2007 novel by Laura Joh Rowland

The Snow Empress is a 2007 mystery novel written by Laura Joh Rowland, set in the Genroku (AD 1688–1704) of historical Japan It is the 12th book in the Sano Ichirō series.

It combines a murder mystery with a portrayal of the strained, and often xenophobic relations between the Japanese rulers and the aboriginal inhabitants of Hokkaido, the Ainu (then called the Ezo).

==Plot summary==
The prologue begins in autumn of 1699, with the murder of an unidentified woman in Hokkaido, followed by the kidnapping of Sano Masahiro, son of the Shogun's Lord Chamberlain, Sano Ichiro, at the autumn festivities at the Zōjō Temple in Edo city.

Several months later, Sano is summoned by the shogun to undertake a mission. Lord Matsumae (松前矩広), who administers the country's northernmost domain, has failed to report to the capital as scheduled, and messengers despatched to Hokkaido have not returned. With tensions rising between Sano and his rival, Lord Matsudaira, the last thing Sano wants is to leave Edo, but Matsudaira produces the piece of a toy sword belonging to Masahiro: it seems Matsudaira's agents have sent Sano's son north, leaving him no choice but to go to Ezogashima.

Left with little choice, Sano departs, accompanied by a small retinue, including his wife Reiko, his chief retainer Hirata (平田), and "The Rat", an Ezo migrant to Edo. Hirata had been training with an ancient martial arts mystic when he sensed Sano was in trouble. He also sensed that the attainment of the next level of mastery which had eluded him would be found in the mission.

The mission was almost over before it began when their ship was wrecked off the coast of Hokkaido. The survivors were found and sheltered by local natives who refer to themselves as the Ainu instead of the derisive term Ezo used by the Japanese. The Ainu were much spiritually closer to their natural world than the Japanese, and in there Hirata sensed the key to his breakthrough.

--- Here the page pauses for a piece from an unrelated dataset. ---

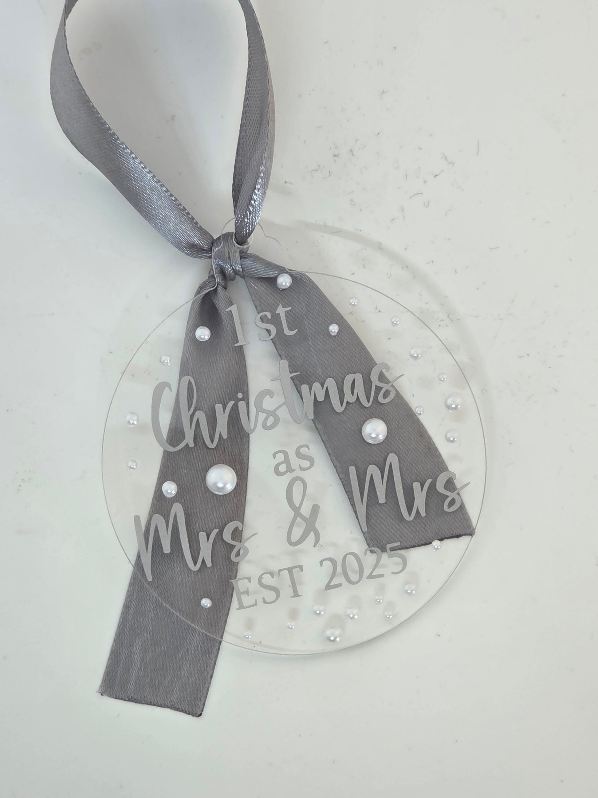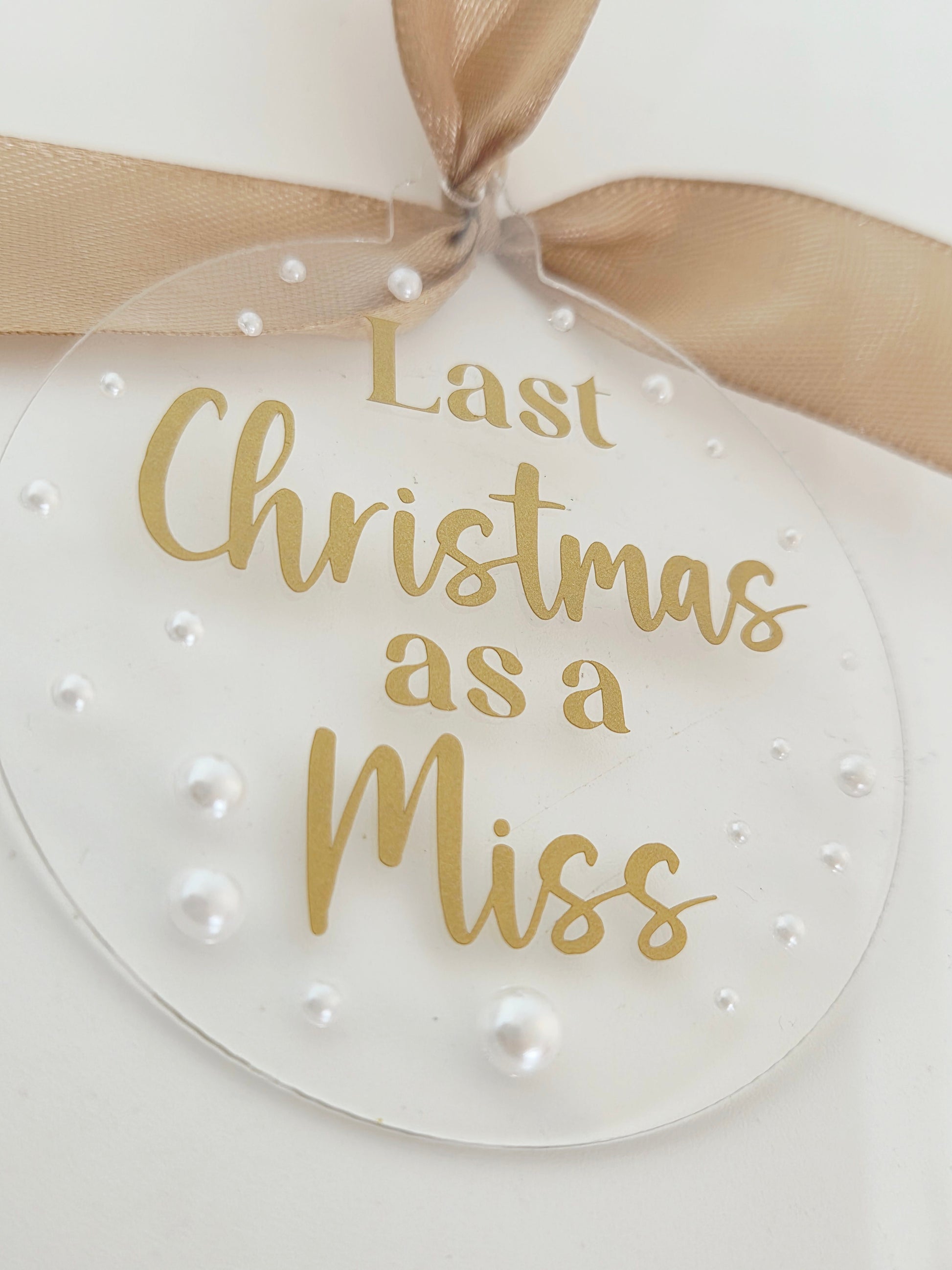 Last Christmas As A Miss or First Christmas Married Pearl Tree Decoration

When Sano finally managed to get an audience with Lord Matsumae in his court at his castle in Fukuyama, he found the daimyō half-mad with grief at the unsolved murder of his favourite concubine, who was an Ainu native.

In order to locate and rescue his son, Sano agreed to investigate the murder to find the real culprit. He was simultaneously assisted and hindered by the daimyo's retainers, who on the one hand had little regard for the concubine for her perceived barbaric background, and on the other hand, desired their master's return to normalcy.

As the story developed, Sano and his friends got a first-hand glimpse on the little-known effects of the impacts and clashes of the "civilised" Japanese people intruding into the lives of the natives who were of very different backgrounds and views of the world.